Exercise
Images should be left out, and everything else in the listing reproduced exactly.

Given information

----

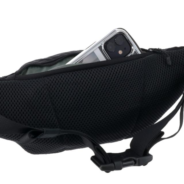 財布や携帯電話など、日常の身の回りの小物の収納に便利な1リッター容量のスリムなウエストバッグです。
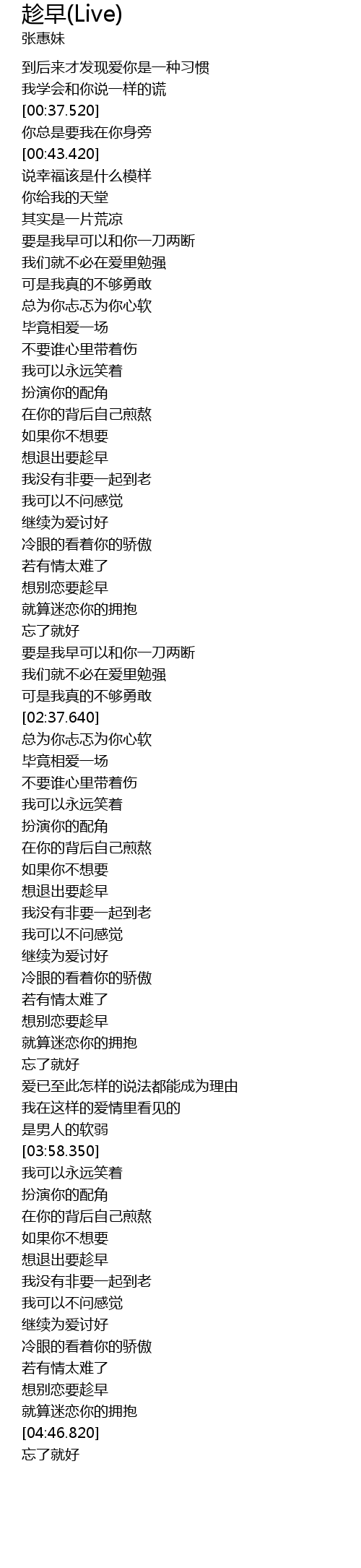 | [04:38.120] | xiǎng bié liàn yào chèn zǎo |
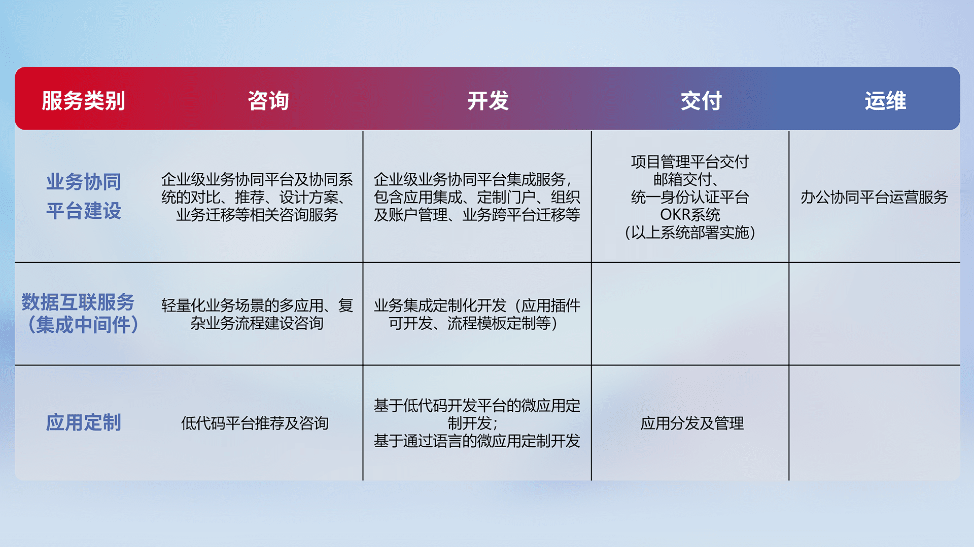 针对钉钉、、、企微、、IDaas等平台级产品提供产品的规划、、、方案、、交付、、、、定制化开发等服务,,实现如统一协同办公、、、智能客户服务、、混合会议管理、、、、智能数据查询、、等业务场景,,实现数字化转型。。。。
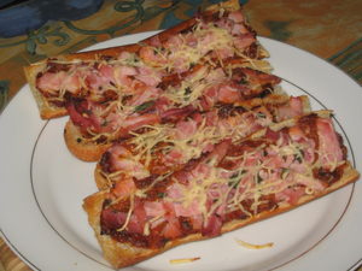 Tartine du dimanche soir votez maintenant Entréefacile20 min Envoyer cette recette à un ami Imprimer cette page Poser une question à l'auteur Publier votre photo de cette recette Ingrédients 5 1 baguette 1 pot de sauce pour pâtes poivron et aubergine 1 talon de jambon cuit Fromage râpé Basilic

----

Response
 財布や携帯電話など、日常の身の回りの小物の収納に便利な1リッター容量のスリムなウエストバッグです。
 | [04:38.120] | xiǎng bié liàn yào chèn zǎo |
 针对钉钉、、、企微、、IDaas等平台级产品提供产品的规划、、、方案、、交付、、、、定制化开发等服务,,实现如统一协同办公、、、智能客户服务、、混合会议管理、、、、智能数据查询、、等业务场景,,实现数字化转型。。。。
 Tartine du dimanche soir votez maintenant Entréefacile20 min Envoyer cette recette à un ami Imprimer cette page Poser une question à l'auteur Publier votre photo de cette recette Ingrédients 5 1 baguette 1 pot de sauce pour pâtes poivron et aubergine 1 talon de jambon cuit Fromage râpé Basilic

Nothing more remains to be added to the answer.